Opened 9 months ago

Closed 9 months ago

Last modified 9 months ago

#29056 closed defect (implemented)

Implement bandwidth file parser and formater

Reported by: juga Owned by: juga
Priority: Medium Milestone:
Component: Core Tor/Stem Version:
Severity: Normal Keywords: tor-bwauth
Cc: Actual Points:
Parent ID: Points:
Reviewer: Sponsor:

Description

After #21377 is implemented, the bandwidth authorities will start publishing the bandwidth files that they have used in their votes and these will be stored by CollectTor.
This is currently implemented in sbws, but it's possible that we still need to change the format of the bandwidth file.
As discussed in #28684, it would be a problem to parse files already archived if the format of the bandwidth file changes, so it would be better if this implemented in stem.

Child Tickets

Change History (23)

comment:2 Changed 9 months ago by atagar

Thanks juga! Sounds good. Once the bwauth file format and a method of getting them have been added to the tor spec I'd be happy to help write a parser (or merge it if ya have a patch).

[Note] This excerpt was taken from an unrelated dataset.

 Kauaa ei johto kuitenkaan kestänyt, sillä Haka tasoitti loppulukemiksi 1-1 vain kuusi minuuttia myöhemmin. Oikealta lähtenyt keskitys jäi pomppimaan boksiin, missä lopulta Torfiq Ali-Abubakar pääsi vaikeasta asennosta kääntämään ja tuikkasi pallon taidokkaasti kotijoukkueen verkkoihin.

comment:3 in reply to:  2 Changed 9 months ago by teor

Replying to atagar:

Thanks juga! Sounds good. Once the bwauth file format

https://gitweb.torproject.org/torspec.git/tree/bandwidth-file-spec.txt

and a method of getting them have been added to the tor spec

https://gitweb.torproject.org/torspec.git/tree/dir-spec.txt#n2652

I'd be happy to help write a parser (or merge it if ya have a patch).

I'd encourage you to wait for the Tor features #21377 (bandwidth file URL), and maybe also #26698 (bandwidth-file-digest). There might be last-minute code or spec changes.

For completeness:

The spec for #26698 (bandwidth-file-digest) is:
https://gitweb.torproject.org/torspec.git/tree/dir-spec.txt#n2140

bandwidth-file-headers was implemented in #26222, its spec is:
https://gitweb.torproject.org/torspec.git/tree/dir-spec.txt#n2120

comment:4 Changed 9 months ago by atagar

Thanks teor! I'd be happy to proceed with the parser part of this now. It's fine if there's spec tweaks up until our next Stem release, which is a very long ways out. That said, I'll hold off on the downloader component until #21377 has been merged since I need that for an end-to-end test.

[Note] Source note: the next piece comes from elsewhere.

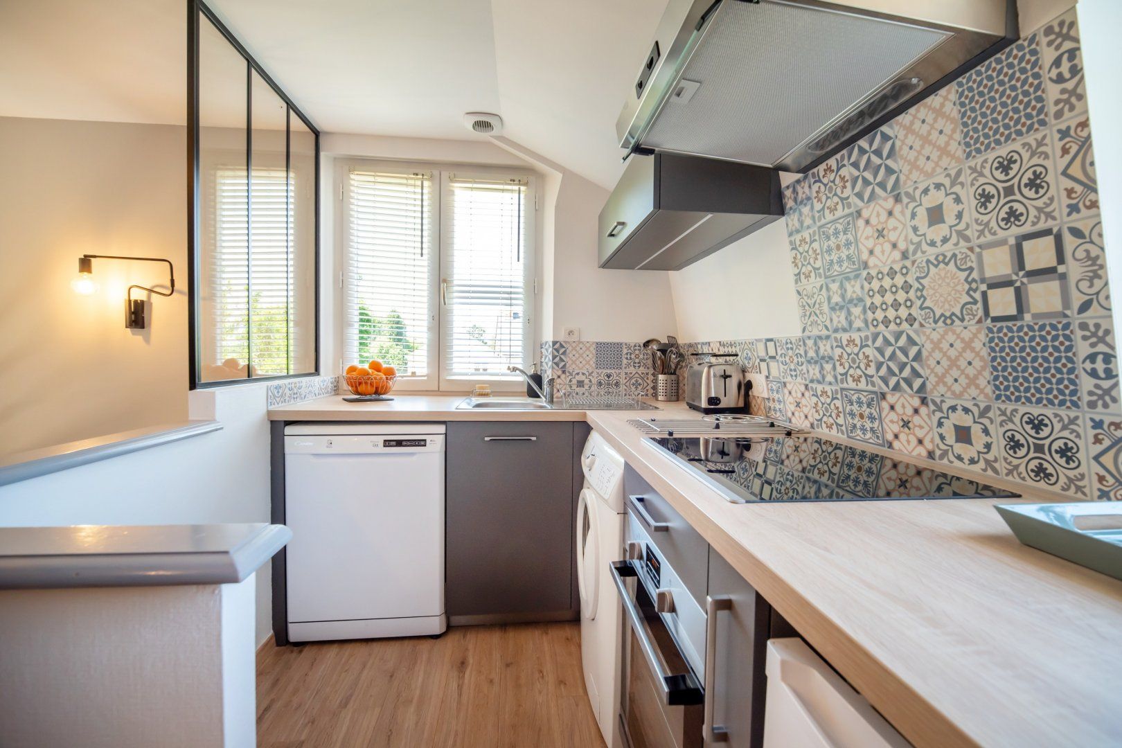 There's something equally charming about the home's interior, with a range of design influences on display, from rustic wooden ceiling beams and the period fireplace to bursts of bold floral wallpaper and mid-century-inspired furnishings. Given the small guest count, the kitchen is perhaps more generously sized than you might have anticipated and finished off with pretty tiles, too.

To proceed with making a parser I need a copy of a bandwidth authority file for our unit tests. Per chance does anyone have one handy?

comment:5 in reply to:  4 Changed 9 months ago by teor

Replying to atagar:

Thanks teor! I'd be happy to proceed with the parser part of this now. It's fine if there's spec tweaks up until our next Stem release, which is a very long ways out. That said, I'll hold off on the downloader component until #21377 has been merged since I need that for an end-to-end test.

To proceed with making a parser I need a copy of a bandwidth authority file for our unit tests. Per chance does anyone have one handy?

You should have three files in your unit tests:

  • a format version 1.0 file from Torflow,
  • a format version 1.1 file from sbws 0.1.0 to 1.0.0
  • a format version 1.2 file from sbws 1.0.3 and later

https://gitweb.torproject.org/torspec.git/tree/bandwidth-file-spec.txt#n543

I've noticed some minor spec issues, I'll open child tickets for them.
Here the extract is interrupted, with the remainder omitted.